Curiosamente, não existe diferença real entre as partículas e as
suas antipartículas nas teorias da física de partículas. Elas são
equivalentes. A maioria dos teóricos acredita que, no momento do Big
Bang, partículas e antipartículas foram criadas em números
praticamente iguais. Mas então porque é a antimatéria tão rara, hoje
em dia?

Uma tentativa de resposta a esta questão (e trata-se,
efectivamente, de uma tentativa de resposta já que esta pergunta
corresponde a um tópico que ainda está em investigação) encontra-se na
palavra "quase". A teoria actualmente mais aceite sugere que se o
número das partículas ultrapassasse o das antipartículas em apenas uma
parte por cada 100 milhões, o Universo actual poderia ser explicado
por esse ínfimo número de partículas extra que não foram aniquiladas
através de encontros com as suas antipartículas. Outras teorias
sugerem que, mesmo que matéria e antimatéria tivessem sido criadas em
iguais quantidades durante o Big Bang, a física da matéria e da
antimatéria seria ligeiramente diferente. Esta diferença hipotética
favoreceria a matéria que restaria após toda a antimatéria ter sido
aniquilada.

Então é isto que é a antimatéria. Teremos então a certeza que não
existe mais antimatéria no Universo?

O Dr. Charles Meegan, um astrofísico do Centro de Voo Espacial
Marshall, nos Estados Unidos, assinalou que os observatórios de raios
gama em órbita terrestre mediram o céu num intervalo de energia tal
que teriam necessariamente detectado a assinatura da aniquilação da
antimatéria. "No entanto, até hoje, nenhum dos instrumentos a bordo
desses observatórios revelou qualquer prova da existência de vastas
quantidades de antimatéria no Universo", diz Meegan.

Existem provas de que reacções muito energéticas estão a ocorrer
em pontos isolados, tal como no núcleo de algumas galáxias (consultar,
por exemplo, a página
ftp://ftp.hq.nasa.gov/pub/pao/pressrel/1997/97-083.txt, em inglês) e
quasares, por exemplo, que criam antimatéria, a qual é de seguida
aniquilada. Mas pensa-se que não se trata da antimatéria residual
deixada pelo Big Bang.

Na Terra, toda a antimatéria existente pode ser contada em átomos
individuais. Positrões de baixa energia são rotineiramente utilizados
numa técnica de imagiologia aplicada à medicina e denominada
tomografia por emissão de positrões, bem como no estudo de materiais
importantes utilizados em circuitos electrónicos.
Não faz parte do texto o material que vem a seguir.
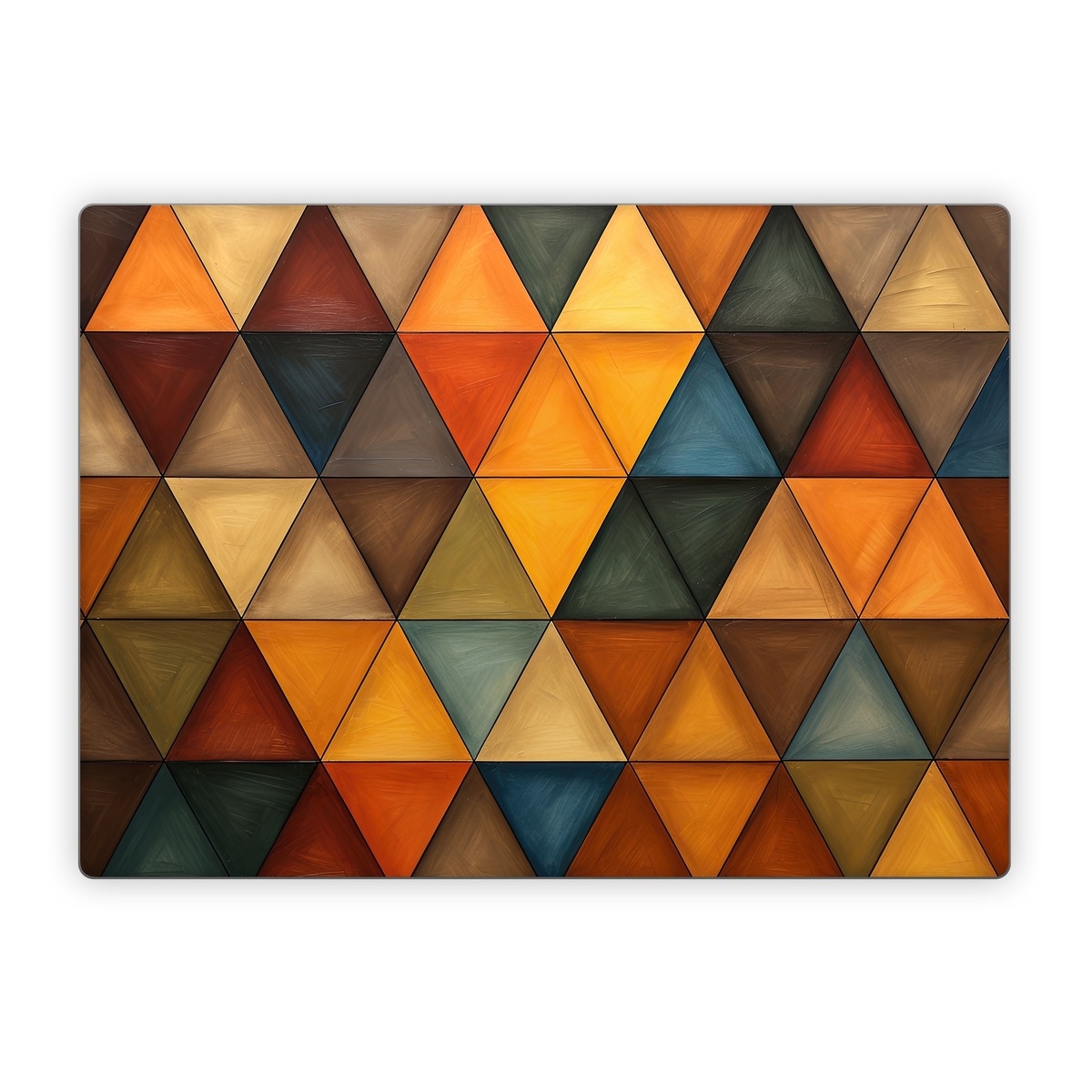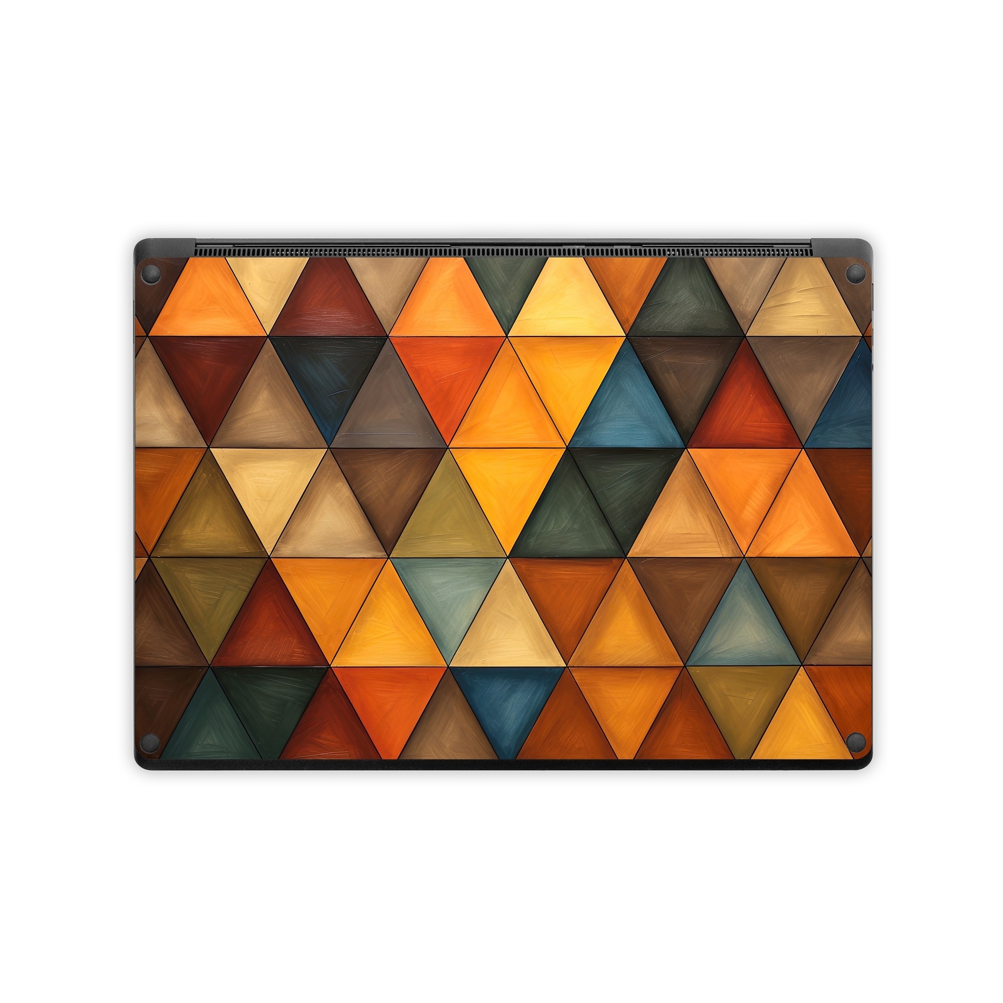 iStyles Microsoft Surface Laptop Series Skin design of Brown, Colorfulness, Rectangle, Azure, Amber, Orange, Triangle, Art, Flooring, Line, with yellow, orange, red, black, blue, brown colors, and tagged with patterns, autumn, fall, pattern, triangles.
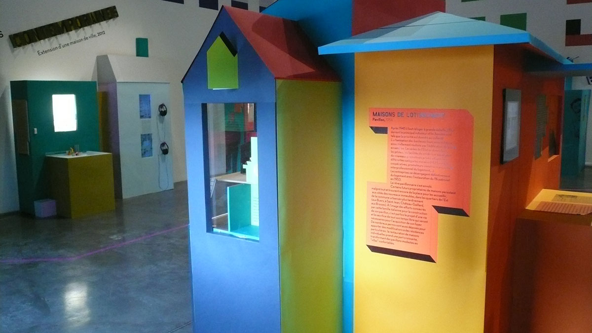 Constructions de carton et de papiers de couleur, les maisons racontent ce patrimoine de Villeurbanne. Dans ce grand pop-up de languettes, de roues, de clapets, de jeux de cubes ou de maquettes… le visiteur plie et déplie le décor de papier pour découvrir les différents contenus.

Estes positrões são o resultado do decaimento natural de isótopos
radioactivos. Apesar da sua utilidade em aplicações de investigação
médica e de materiais, estes antielectrões não existem em número
suficiente para se poder criar uma forma útil de combustível de
foguetes a partir deles. As partículas de antimatéria de alta energia
só são produzidas em números relativamente elevados num pequeno número
dos maiores aceleradores de partículas do mundo. A actual produção
mundial de antimatéria é da ordem dos 1 a 10 nanogramas (bilionésimos
de grama) por ano!

Como pode então a antimatéria ajudar-nos na exploração espacial? A
resposta reside na famosa equação de Einstein, E=mc2. Quando a
antimatéria aniquila a matéria normal, toda a massa das duas
partículas é convertida em energia. A energia por partícula resultante
dessa transformação excede largamente a eficiência das reacções
químicas tais como a combustão de oxigénio e hidrogénio actualmente
utilizada nos motores principais do vaivém espacial.